Corruption is not new. Indeed, tales of the powerful and charismatic abusing their positions for organizational and personal gain are as old as recorded history. Despite the long trail of deceit, lies, and greed, however, corporate corruption appears to grasp the public's attention in waves, reaching a crescendo at different periods and then fading into the background. Now appears to be one of those times of "mass appeal," so to speak. Names like Tyco, Enron, and WorldCom dot the airwaves, as do now-familiar faces of notorious leaders like Kozlowski, Ebbers, and Stewart. Public airings of grievances have illuminated what scholars have known for years-that corporate corruption is not victimless. Instead, it is a "societal problem whose magnitude is difficult to overestimate", incurring a cost to society far greater than that of ordinary crime. (Szwajkowski, 1985, p.559)

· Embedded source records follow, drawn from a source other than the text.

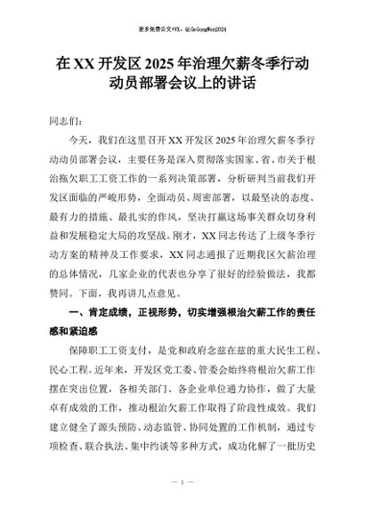 【七哥公文】2025年:在XX开发区2025年治理欠薪冬季行动动员部署会议上的讲话+更多免费公文+VX:QiGeGongWen2024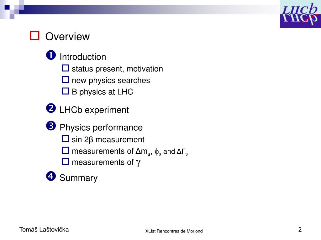 Overview • Introduction • status present, motivation • new physics searches • B physics at LHC • LHCb experiment • Physics performance • sin 2β measurement • measurements of Δms, s and ΔΓs • measurements of γ • Summary Tomáš Laštovička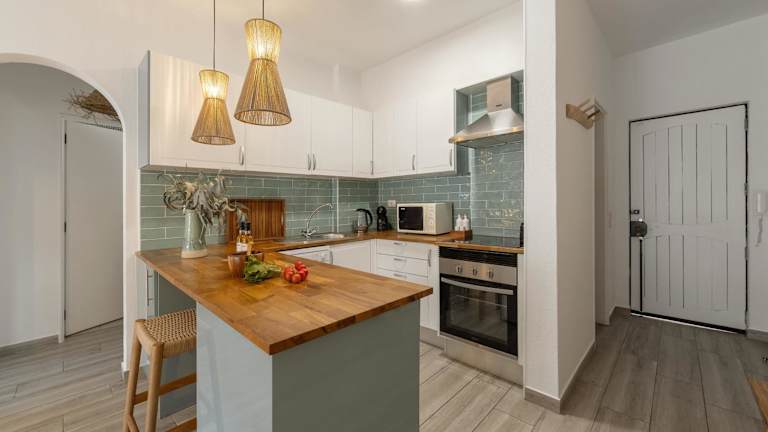 Die Unterkunft verfügt über ein Ferienhaus mit Klimaanlage, das aus zwei Schlafzimmern, einem Wohnzimmer, einer voll ausgestatteten Küche mit Kühlschrank und Kaffeemaschine sowie einem Badezimmer mit Dusche und kostenlosen Pflegeprodukten besteht. Handtücher und Bettwäsche werden bereitgestellt.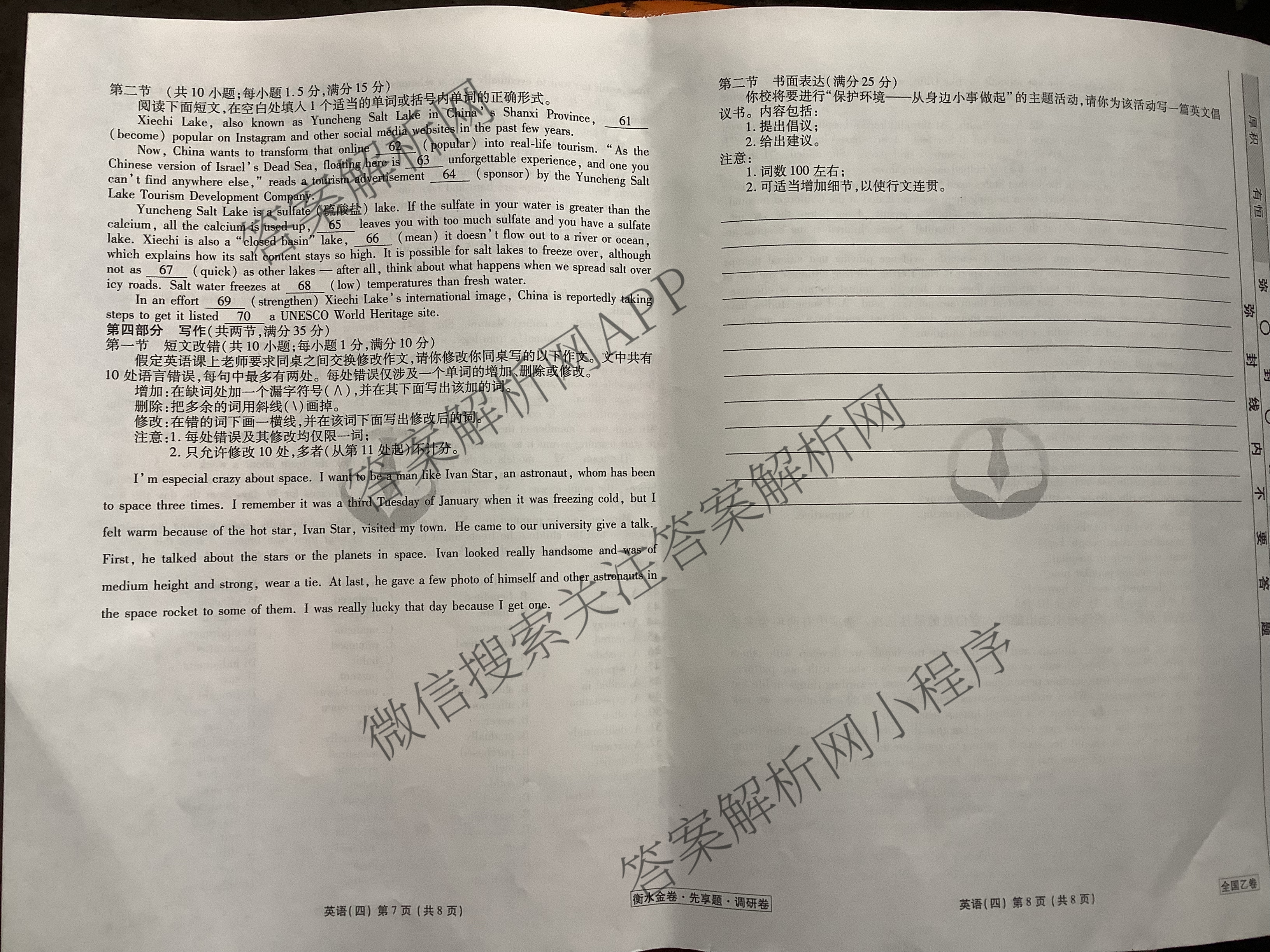 衡水金卷先享题 2023届调研卷 英语(全国乙卷)(四)4试题,目前衡水金卷先享题答案网已经汇总了衡水金卷先享题 2023届调研卷 英语(全国乙卷)(四)4试题的各科答案和试卷,获取更多衡水金卷先享题答案解析,请在关注本站。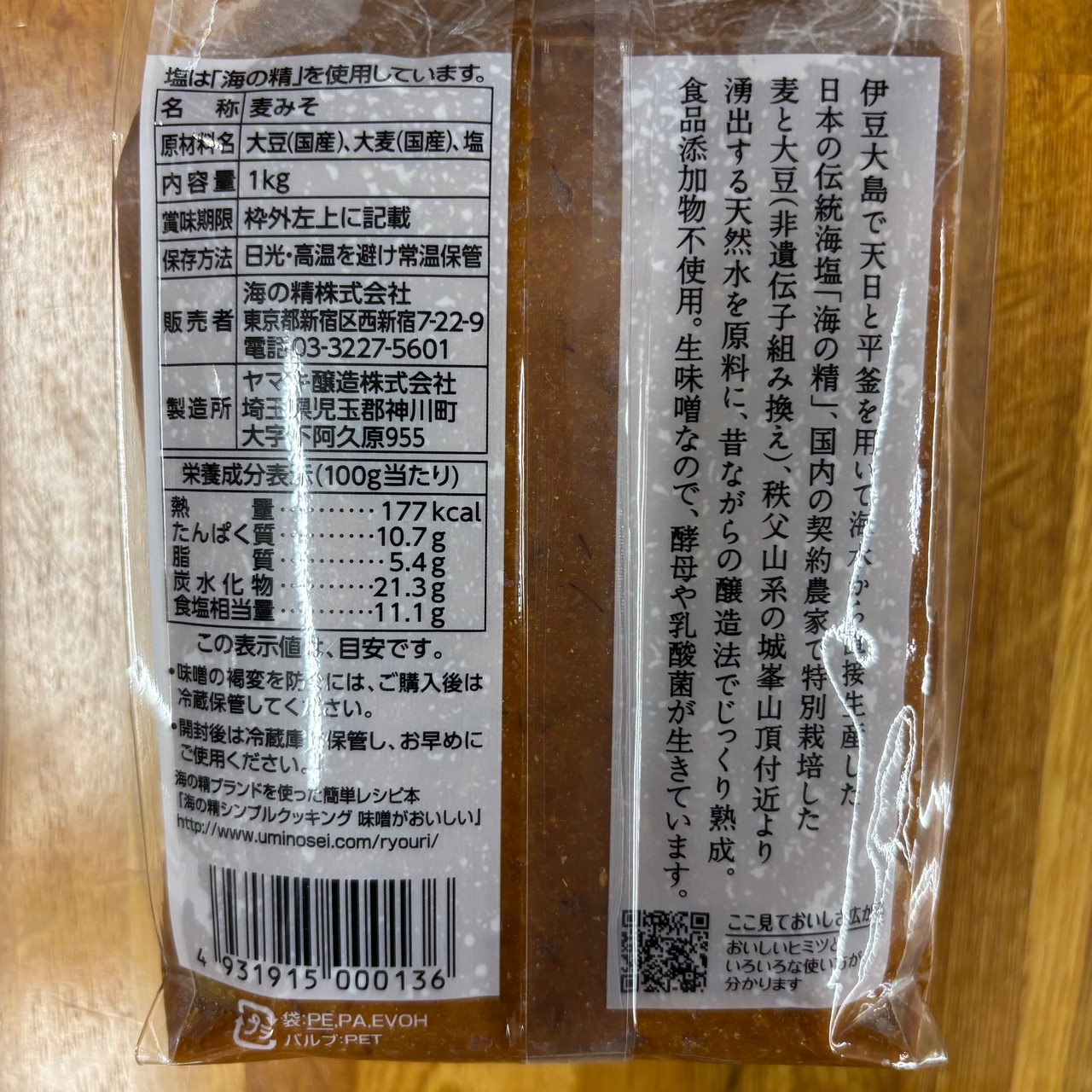 伊豆大島で天日と平釜を用いて海水から直接生産した日本の伝統海塩「海の精」、国内の契約農家で特別栽培した麦と大豆(非遺伝子組み換え)、秩父山系の城峯山頂付近より湧出する天然水を原料に、昔ながらの醸造法でじっくり熟成。
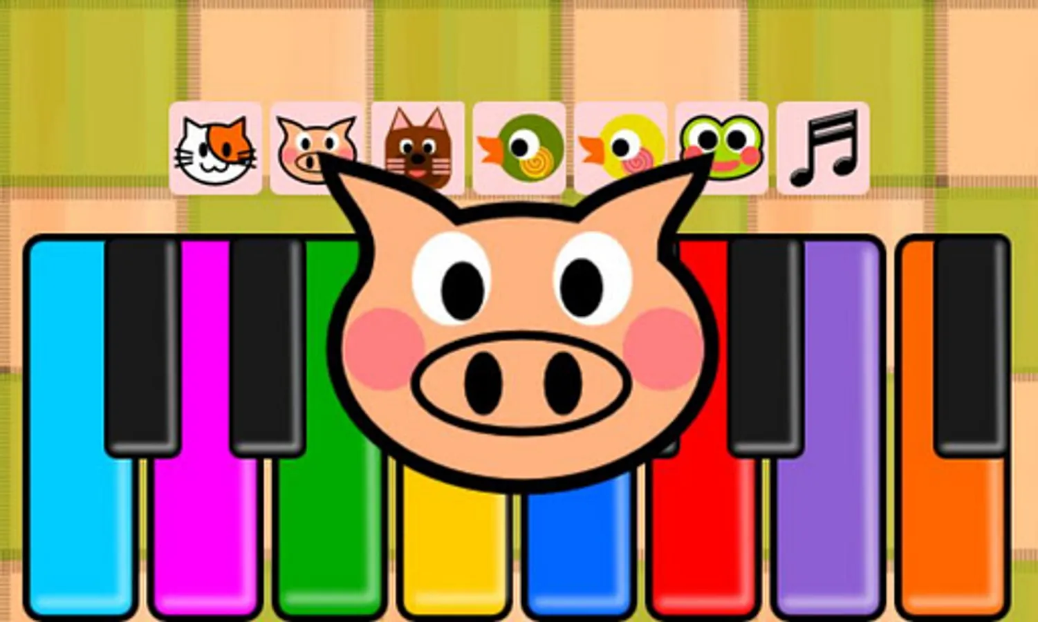 Play a piano with animal voices instead of traditional piano notes. Select from a variety of animal sounds including pig, cat, frog, and more. Enjoy the easy touchscreen controls and colorful interface.

While corporate corruption may not be a novel topic among researchers, the study of the interaction of stakeholder pressures, environmental variables, charismatic leadership, and follower attributes on organizational corruption, is. We extend current research about corporate corruption and charismatic leadership
by developing a multidimensional model involving these four constructs. Our proposed model examines the direct relationship between stakeholder pressures and corporate corruption, as well as the moderating influence of environmental factors and charismatic leadership's "dark side," i.e., the leader's control over followers and ability to manipulate stakeholder demands and decouple organizational practices. Further, this paper answers the call from researchers to look at charismatic leadership from a systems perspective (Yukl, 1999), as...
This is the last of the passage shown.